- _What this task involves_
Return the lines of the listing below exactly as they appear, beginning at the one with "Put EMSL's world" and stopping after the one with "Lotto 509 - Haiti, Republic, 100"; do not include pictures.

===== Excerpted records =====

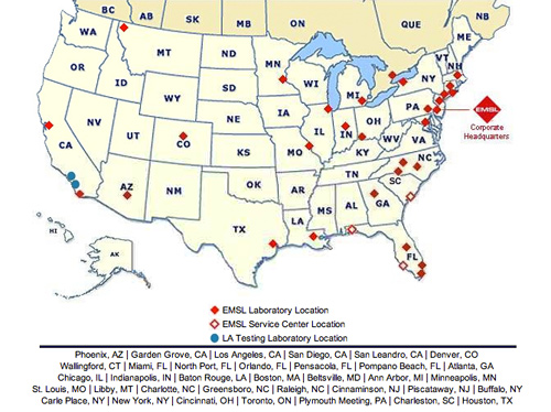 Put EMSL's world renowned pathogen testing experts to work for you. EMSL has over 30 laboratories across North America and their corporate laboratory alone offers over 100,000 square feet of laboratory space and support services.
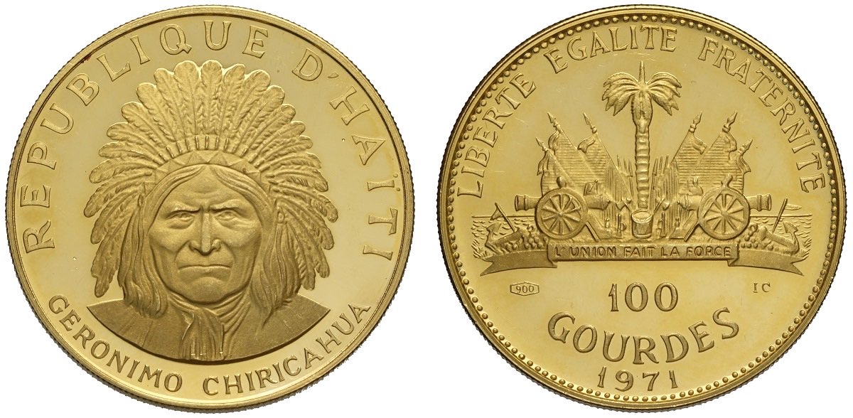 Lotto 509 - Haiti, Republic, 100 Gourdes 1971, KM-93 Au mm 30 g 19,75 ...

=====
===== Excerpted records =====

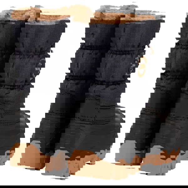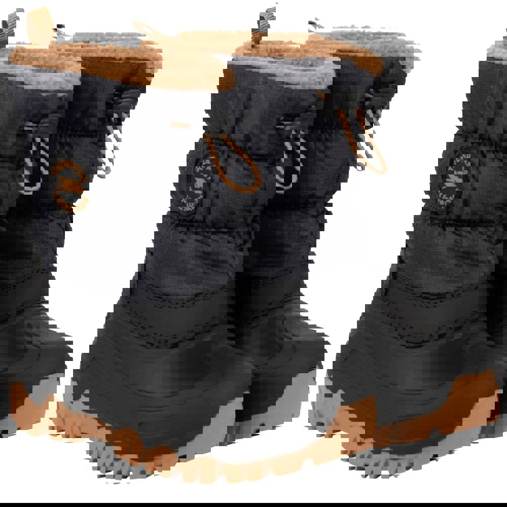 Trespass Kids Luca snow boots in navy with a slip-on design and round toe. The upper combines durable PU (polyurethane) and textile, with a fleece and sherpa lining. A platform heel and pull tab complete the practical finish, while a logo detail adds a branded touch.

=====

- _Your response_
 Put EMSL's world renowned pathogen testing experts to work for you. EMSL has over 30 laboratories across North America and their corporate laboratory alone offers over 100,000 square feet of laboratory space and support services.
 Lotto 509 - Haiti, Republic, 100 Gourdes 1971, KM-93 Au mm 30 g 19,75 ...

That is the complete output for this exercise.